Zurück im Rheinland, ist der erfolgreiche Sportmanager heute einer der Antreiber der Rhein-Ruhr-Olympia-­Initiative 2032 und Mitbegründer einer neuen Medienagentur. „Ich habe mich darauf fokussiert, welche Themen es für die Zukunft gibt und bin wieder neugierig auf neue Aufgaben.“

„Durch die Stiftung bin ich mit Guido verbunden“

Gleichzeitig ist er ehrenamtlicher Vorstands­vorsitzender der Westerwelle Foundation. Mit der Stiftung wollte der Politiker nach dem Ausscheiden aus dem Amt des Außenministers seine Kontakte und seine Erfahrungen nutzen, um jungen Menschen eine Chance zu geben, ihren eigenen Traum von der Selbständigkeit zu verwirklichen. „Mit dem Westerwelle Young Founders Programme fördern wir jährlich 50 junge Gründerinnen und Gründer aus Schwellen- und Entwicklungsländern, die schon erste Erfolge verbuchen konnten und nun bereit für den nächsten Schritt sind“, sagt Michael Mronz.
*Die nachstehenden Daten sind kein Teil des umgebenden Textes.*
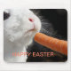Easter bunny whiskery face trying to decide whether to eat the carrot or not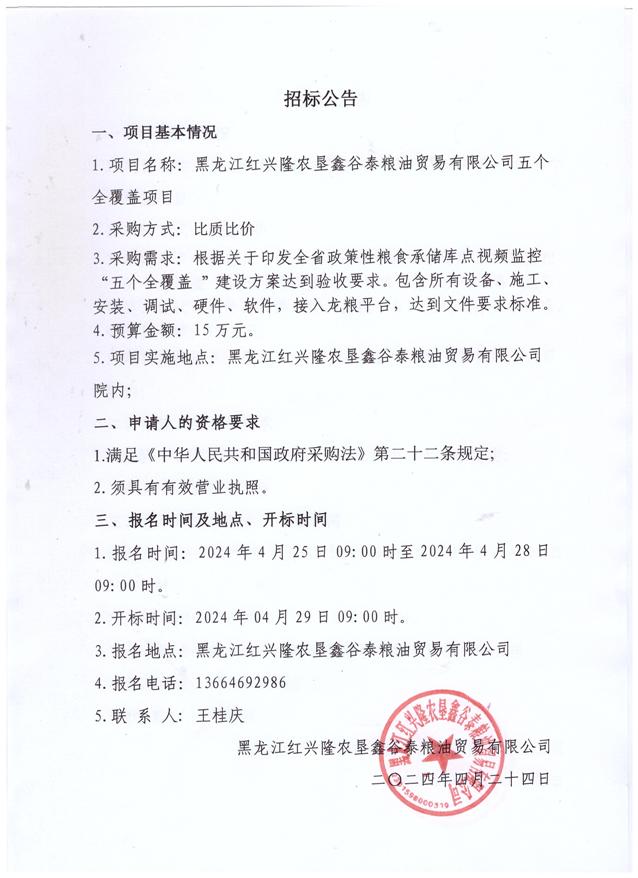 黑龍江紅興隆農(nóng)墾鑫谷泰公司五個(gè)全覆蓋項(xiàng)目招標(biāo)公告

Dazu gehört zum Beispiel eine junge Irakerin, die handgemachte Seifen herstellt und mittlerweile sechzig, ausschließlich weibliche Angestellte hat. „Sie will den Frauen, die ihre Männer im Krieg verloren haben, eine Existenzgrund­lage geben und das Frauenbild im Land positiv verändern.“

„Die Westerwelle Foundation gibt mir die Möglichkeit, tagtäglich nach vorne gerichtet mit Guido in Verbindung zu sein.“

Gleichzeitig entsteht nach Tunis das zweite Westerwelle Start-up-Haus in Kigali, Ruanda. Dort können junge Gründerinnen und Gründer arbeiten, sich vernetzen, an Workshops zum Finanzmanagement oder Marketing teilnehmen und in allen anderen Fragen Experten konsultieren.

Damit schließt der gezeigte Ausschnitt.